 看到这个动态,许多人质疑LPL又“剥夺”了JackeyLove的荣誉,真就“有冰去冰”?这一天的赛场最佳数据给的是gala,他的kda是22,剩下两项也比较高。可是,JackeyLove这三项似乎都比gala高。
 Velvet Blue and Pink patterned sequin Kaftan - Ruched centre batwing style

---

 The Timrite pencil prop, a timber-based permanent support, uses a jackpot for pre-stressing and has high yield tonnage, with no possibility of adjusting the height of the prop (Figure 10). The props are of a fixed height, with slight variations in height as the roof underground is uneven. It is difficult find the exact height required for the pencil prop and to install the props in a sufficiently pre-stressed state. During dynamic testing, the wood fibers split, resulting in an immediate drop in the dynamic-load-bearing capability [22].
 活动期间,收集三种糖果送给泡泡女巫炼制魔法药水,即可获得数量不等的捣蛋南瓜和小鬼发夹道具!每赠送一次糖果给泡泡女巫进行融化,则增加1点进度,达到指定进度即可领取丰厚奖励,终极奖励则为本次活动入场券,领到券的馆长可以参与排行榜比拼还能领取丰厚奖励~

→ INSTRUCTIONS FOR THE TASK: What are the lines above, starting at the one with "The Timrite pencil" and ending at the one with "活动期间,收集三种糖果送给泡"? Give them again exactly, and only them.

→ SOLUTION FOR THIS TASK:
 The Timrite pencil prop, a timber-based permanent support, uses a jackpot for pre-stressing and has high yield tonnage, with no possibility of adjusting the height of the prop (Figure 10). The props are of a fixed height, with slight variations in height as the roof underground is uneven. It is difficult find the exact height required for the pencil prop and to install the props in a sufficiently pre-stressed state. During dynamic testing, the wood fibers split, resulting in an immediate drop in the dynamic-load-bearing capability [22].
 活动期间,收集三种糖果送给泡泡女巫炼制魔法药水,即可获得数量不等的捣蛋南瓜和小鬼发夹道具!每赠送一次糖果给泡泡女巫进行融化,则增加1点进度,达到指定进度即可领取丰厚奖励,终极奖励则为本次活动入场券,领到券的馆长可以参与排行榜比拼还能领取丰厚奖励~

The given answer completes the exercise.